Mas é época de recolhimento e a gente tem descoberto um tempo que achava que não tinha mais. Dá para ler bula. É possível voltar a ouvir uma sinfonia inteira, redescobrir que não se pode aproveitar John Coltrane com pressa, reler livros e gibis que pegavam poeira na estante – mesmo aqueles que a gente já sabe o final, especialmente os policiais.

 

É um tempo ruim para quem não se suporta. Pior ainda para quem não consegue administrar um tempo que corre mais devagar, que exige alguma sabedoria para não se transformar num inferno. O que estava cada vez mais escasso é agora oferecido com fartura.

 

Porque sobra tempo até para lustrar a nossa cultura inútil, como, por exemplo, saber que dia 22 de abril, data em que os navegantes lusos deram com a costa brasileira, é também o dia da tontura. Não sei o que uma coisa tem a ver com a outra, mas devido aos acontecimentos recentes da política nacional, acredito que seja muito apropriado. 

 

A iniciativa é nobre, conscientizar as pessoas para que deixem de falar labirintite — que é a inflamação do labirinto — para que o tratamento possa ser mais eficaz.

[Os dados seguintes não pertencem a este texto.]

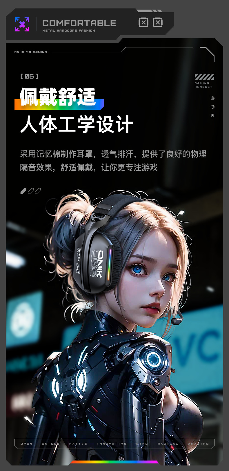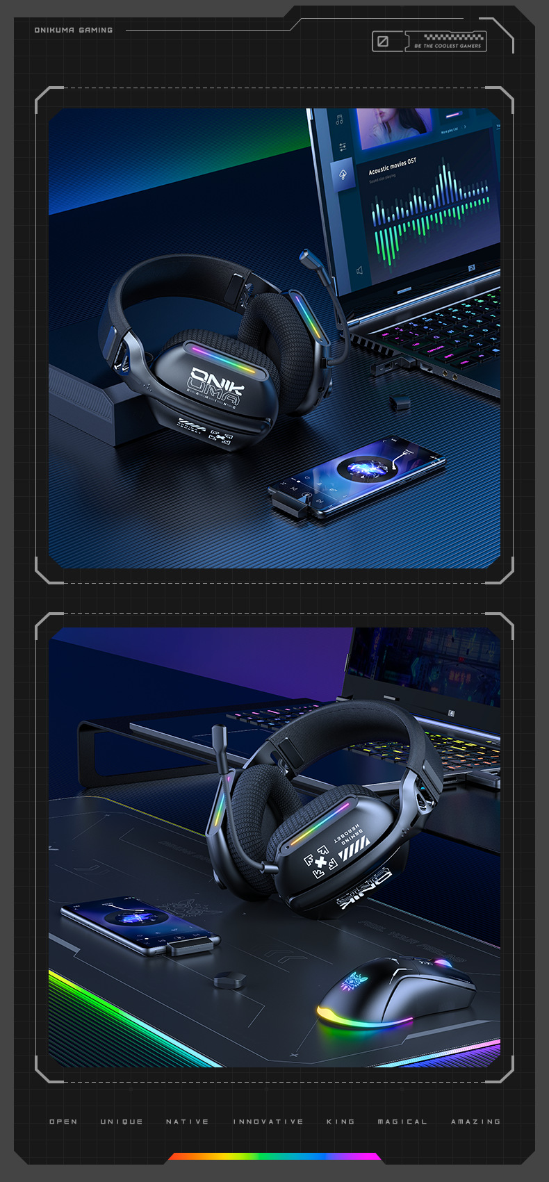 ONIKUMA B60蓝牙耳机头戴式电竞游戏低延迟超长续航降噪通话耳麦
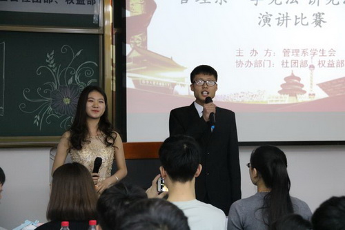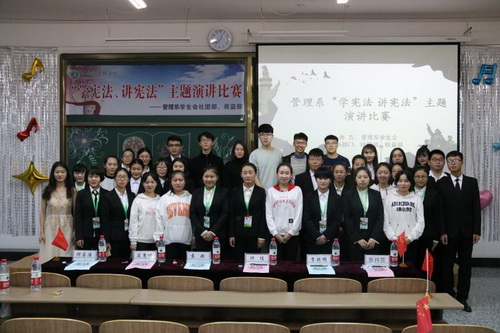 为贯彻落实党的十九大坚持依法治国,坚持全面从严治党,坚持党对一切工作领导的会议精神,弘扬法制精神,普及宪法知识,管理系于2017年11月14日在新教223举办了“学宪法,讲宪法”主题演讲比赛总决赛。

Mas tontura não é provocada só por esse órgão do ouvido, como bem sabe quem gosta de uma cangibrina. Ou por quem tem acompanhado o noticiário.

 

Os tontos estão por toda parte. E nem é preciso dar uma olhada nas lixeiras, com mais cascos vazios do que o normal, até porque ninguém vive só de álcool em gel – não os felizes, pelo menos. E esses tontos que não bebem são perigosos porque não saem do estado de euforia e nunca chegam àquela doce letargia de quem precisa tirar um cochilo depois dos goles.

 

Não há programa de 12 passos que dê jeito nessa turma que se embriaga de maluquice, deixando que a adrenalina dos outros penetre no próprio organismo. A ciência diz que há bilhões de moléculas de neurotransmissores trabalhando constantemente no cérebro para gerenciar nossas ações; está claro que, em muitos casos, trata-se de desperdício químico. 

 

Talvez um curto-circuito — afinal, são impulsos elétricos — explique essa necessidade de justificar as lambanças alheias, mas o mais provável é que se trate de tontice mesmo. É como o sujeito que entra no bar pedindo uma pinga atrás da outra com a desculpa que está com dor de dente. “Qual dente?”, pergunta o taberneiro, quando vê o homem tirar uma dentadura do bolso: “Todos esses”, diz.

 

Não há mais dúvida: o negócio é abrir os botequins logo. É questão de saúde pública. Pelo menos aqueles tontos a gente conhece pelo nome e basta pagar uma dose para que eles parem de encher a paciência.